→ Instructions for the task:
Copy each line below exactly as it appears. Pictures are to be omitted.

→ Given material:
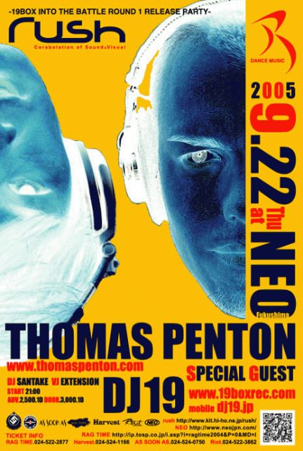あのTHOMAS PENTONとDJ19が東北で唯一福島のNEOでのPLAYが決定しました!! 詳細はrush HPにて! http://www.kit.hi-ho.ne.jp/rush/
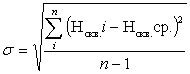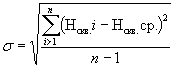 Исходные данные в результате расчета величин Нскв.ср. и s приведены в следующей таблице:
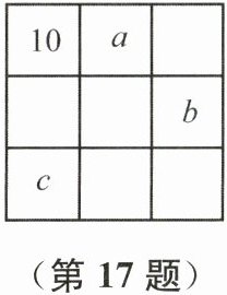 17. (2024泰州姜堰期中)夏禹时代的“河图洛书”被视为中华文明之源.河图主要代表天文,洛书则主要代表地理方位.其中,“洛书”所呈现的数字排列方式,与三阶幻方有相似之处,其实际数学意义就是它每行、每列、每条对角线上三个数之和均相等,则如图所示的幻方中常数a,b,c满足的等量关系为______.

→ Task result:
あのTHOMAS PENTONとDJ19が東北で唯一福島のNEOでのPLAYが決定しました!! 詳細はrush HPにて! http://www.kit.hi-ho.ne.jp/rush/
 Исходные данные в результате расчета величин Нскв.ср. и s приведены в следующей таблице:
 17. (2024泰州姜堰期中)夏禹时代的“河图洛书”被视为中华文明之源.河图主要代表天文,洛书则主要代表地理方位.其中,“洛书”所呈现的数字排列方式,与三阶幻方有相似之处,其实际数学意义就是它每行、每列、每条对角线上三个数之和均相等,则如图所示的幻方中常数a,b,c满足的等量关系为______.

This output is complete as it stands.